TASK REQUIREMENTS ->
Lines to restate from the data below: from the one containing "powtarzający głos! ✨" to the one containing "In a unique, rural", both included. Give them again exactly, and only them.

THE DATA ->
----

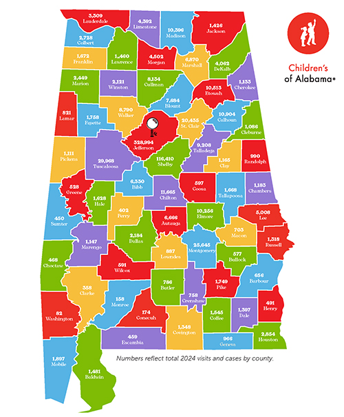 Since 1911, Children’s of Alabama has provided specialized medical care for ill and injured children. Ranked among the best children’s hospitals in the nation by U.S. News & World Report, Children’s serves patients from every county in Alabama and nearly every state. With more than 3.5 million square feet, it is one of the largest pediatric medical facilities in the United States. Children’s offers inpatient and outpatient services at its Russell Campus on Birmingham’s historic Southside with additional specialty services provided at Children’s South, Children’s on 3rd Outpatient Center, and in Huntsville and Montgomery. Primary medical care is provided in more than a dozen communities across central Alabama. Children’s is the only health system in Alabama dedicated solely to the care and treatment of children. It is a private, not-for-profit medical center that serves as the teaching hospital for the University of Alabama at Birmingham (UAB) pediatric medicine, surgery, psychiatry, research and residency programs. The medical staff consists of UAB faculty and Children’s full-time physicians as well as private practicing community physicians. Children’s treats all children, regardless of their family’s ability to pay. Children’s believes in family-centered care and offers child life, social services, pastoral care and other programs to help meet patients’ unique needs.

----

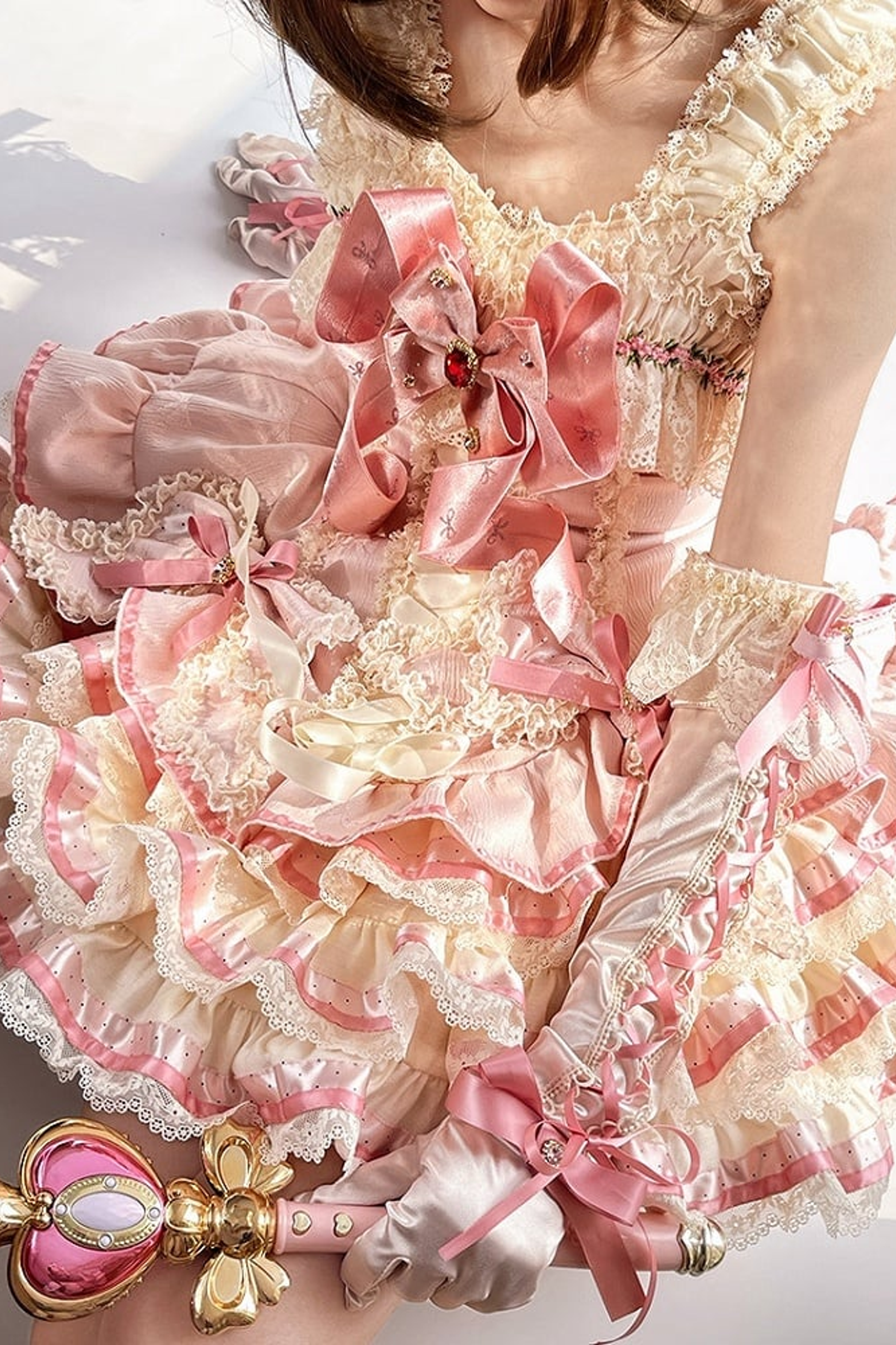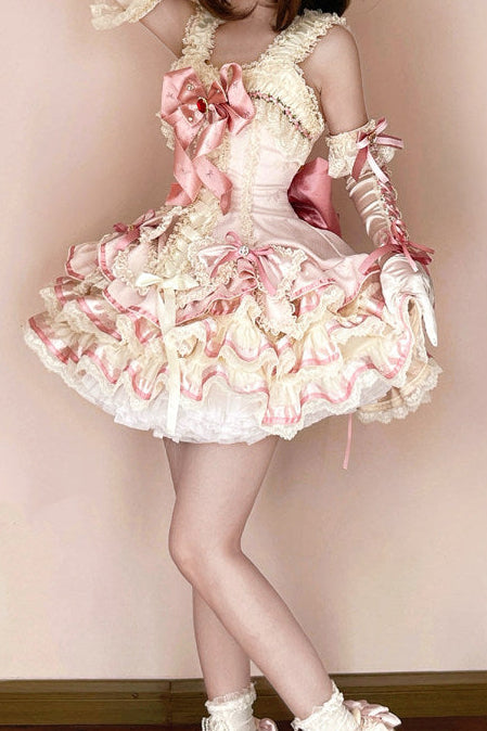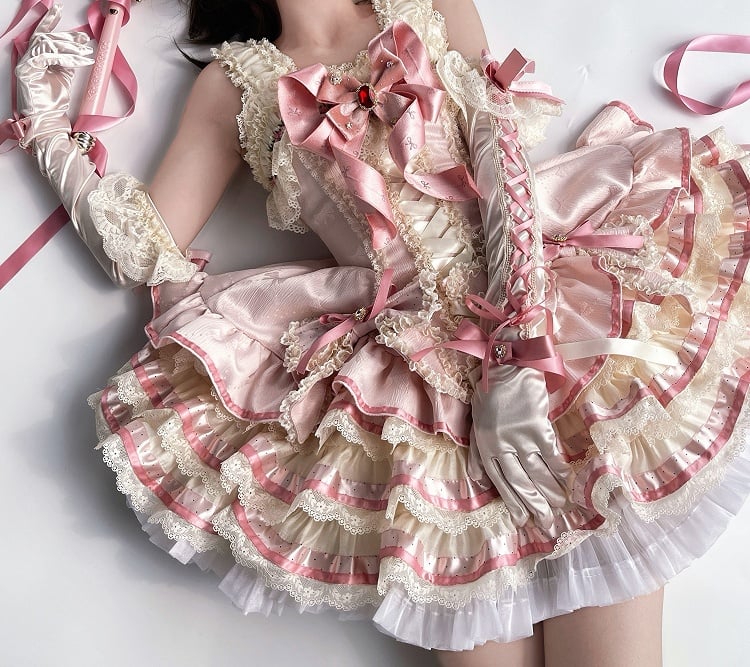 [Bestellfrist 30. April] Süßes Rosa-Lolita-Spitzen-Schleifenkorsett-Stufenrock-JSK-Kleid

----

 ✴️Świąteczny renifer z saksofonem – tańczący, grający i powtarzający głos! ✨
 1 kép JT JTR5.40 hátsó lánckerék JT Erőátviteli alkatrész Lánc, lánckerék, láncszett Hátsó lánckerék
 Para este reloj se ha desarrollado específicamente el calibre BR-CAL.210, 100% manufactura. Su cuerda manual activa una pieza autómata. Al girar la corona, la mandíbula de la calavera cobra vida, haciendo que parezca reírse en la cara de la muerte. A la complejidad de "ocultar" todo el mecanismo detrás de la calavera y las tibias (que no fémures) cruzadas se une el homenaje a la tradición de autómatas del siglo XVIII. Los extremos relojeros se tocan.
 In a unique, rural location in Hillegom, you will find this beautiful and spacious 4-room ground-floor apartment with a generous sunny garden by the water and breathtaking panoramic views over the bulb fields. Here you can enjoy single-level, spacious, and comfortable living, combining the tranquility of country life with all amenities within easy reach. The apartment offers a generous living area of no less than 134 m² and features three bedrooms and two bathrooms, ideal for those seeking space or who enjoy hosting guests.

----

OUTPUT OF THE TASK ->
 ✴️Świąteczny renifer z saksofonem – tańczący, grający i powtarzający głos! ✨
 1 kép JT JTR5.40 hátsó lánckerék JT Erőátviteli alkatrész Lánc, lánckerék, láncszett Hátsó lánckerék
 Para este reloj se ha desarrollado específicamente el calibre BR-CAL.210, 100% manufactura. Su cuerda manual activa una pieza autómata. Al girar la corona, la mandíbula de la calavera cobra vida, haciendo que parezca reírse en la cara de la muerte. A la complejidad de "ocultar" todo el mecanismo detrás de la calavera y las tibias (que no fémures) cruzadas se une el homenaje a la tradición de autómatas del siglo XVIII. Los extremos relojeros se tocan.
 In a unique, rural location in Hillegom, you will find this beautiful and spacious 4-room ground-floor apartment with a generous sunny garden by the water and breathtaking panoramic views over the bulb fields. Here you can enjoy single-level, spacious, and comfortable living, combining the tranquility of country life with all amenities within easy reach. The apartment offers a generous living area of no less than 134 m² and features three bedrooms and two bathrooms, ideal for those seeking space or who enjoy hosting guests.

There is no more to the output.